A possible alternative that currently is being tested is to perform together with the organ transplantation, simultaneously a transplantation of the stem cells in the bone marrow. This means that the own stem cells which are responsible for the production of the white blood cells of the receptor are being replaced by the stem cells of the donor. When succeeding at this, this would mean that the white blood cells which will be produced by the receptor are identical to those of the donor and the transplanted organ coming from the same donor would no longer be recognized as foreign. This should allow us to prevent rejection with much less (and sometimes even no) rejection medication and could protect the receptor from the long-term disadvantageous of this medication.
At the moment, the experience with this type of procedure is still limited and there are only a few of such combined organ + stem cell transplantation that have been performed in humans (exclusively kidney + stem cell transplantation).
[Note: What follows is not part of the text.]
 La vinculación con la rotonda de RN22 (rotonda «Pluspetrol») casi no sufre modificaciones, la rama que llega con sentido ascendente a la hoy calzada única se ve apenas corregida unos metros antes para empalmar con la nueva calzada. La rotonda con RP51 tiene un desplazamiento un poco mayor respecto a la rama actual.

There is a much more preparation necessary than with a single organ transplantation considering that the receptor must undergo a preliminary treatment to suppress the own stem cells. This preliminary treatment may take several days, only then the combined transplantation can be performed.
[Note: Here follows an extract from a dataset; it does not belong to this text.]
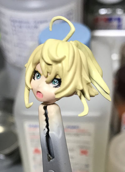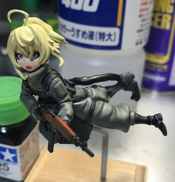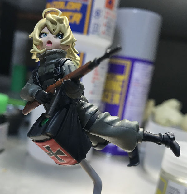 ターニャ・デグレチャフ完成!! ガレージキット 2019年10月22日 0 ナイトウモデルズ製 1/20「ターニャ・デグレチャフ」を作りました。劇場版「幼女戦記」を観ていたら作りたくなったので、押入れからサルベージ。 製作開始直後、バリ取り時に銃身を削り落とすミス・・・。部品が小さく、元通りに取り付けるのは無理・・・。作り直すことにしました。 フロントサイトは1㎜の穴をあけ、1㎜プラ丸棒を差し込んで接着して再利用。銃口は0.5㎜で穴をあけた。思ったより違和感なく作り直せました。 顔の塗装肌はラスキウスで塗装。目は、ブルー+ホワイト+イエローまつ毛は、ブラック眉毛は、イエロー+ブラウンパーツが小さい・・・視点が合わない・・・これが老眼か・・・。 髪の塗装前に、ラスキウスの新色を購入。髪の塗装専用塗料!!全色買ってみました。今回はブロンドを使用。 下地にクールホワイトベースにラスキウス ブロンドシャドウにGXクリアブラウン最後にクリアーホワイトクリアーホワイトでぼんやりした良い感じになるような気がする。眉毛がちょっと薄かった気がするが、もう修正できない・・・。 体は全て筆塗り。服はRLMグレー+デッキタン襟のモフモフはバフにフラットホワイトでドライブラシベルト類はフラットブラック右足はジャーマングレイ銃はデッキタンベースにダークブラウンで木目を書いて、一度ラッカーのクリアのクリア吹き乾燥後、ブラウンを薄く塗りそのあとクリアーオレンジをニスのように塗った銃身等は、フラットブラックで塗装後ガンメタルでドライブラシ箱?の赤は、サザビーレッド塗装後、リアルタッチマーカーで墨入れ。1/35のミリタリーフィギュア作ってるような気分になりつつ作業しました。このキットは小さいので、置き場所に困らず最高です!!別バージョンもあるみたいですが、もう手に入らないんだろうなぁ・・・。 PR

Although this concept seems in theory an ideal solution, there are still quite a lot of hurdles that stand in the way of a more widespread application of this treatment. This remains for the time being an experimental intervention and just a handful of centers in the world have the experience and the competence to do this. Neither in Belgium nor in the Netherlands are combined organ and stem cell transplantation being carried out.
Because of the need of a preliminary treatment, a combined organ and stem cell transplantation is currently only possible when the transplanted organ(s) are coming from a living donor (a relative or friend who volunteers to donate an organ). Organ transplantation with an organ from a brain death donor does not allow sufficient time to perform this preliminary treatment. Live donation is an well-established alternative for kidney transplantation. But there is much less experience with live donation of lungs, merely a few lung transplantation centres worldwide are using living donors for a lung transplantation. Considering the fact that we need 2 lungs, for a lung transplantation in a person with CF, live donation of lungs for CF donors will requires 2 donor. From each donor the lower lobe (lower part of the lung) is removed and subsequently implanted in the receptor. The fact that we need 2 donors virtually excludes the possibility of a potential combined lung and stem cell transplantation since a stem cell transplantation with stem cells of 2 different donors is not possible. Furthermore the preliminary treatment of stem cell transplantation consists of a treatment to suppress the own stem cells in the receptor just before and a few weeks after the transplantation, until the new stem cells from the donor provide the bone marrow and blood from the receptor with new white blood cells. In this period there is a greatly increased risk of infections which may be extremely problematic in patients with CF.
At the moment not a lot of additional information is available and this treatment is still very experimental. At this moment it is impossible to predict whether combined organ and stem cell transplantations will be a viable option for lung transplantation in persons with CF.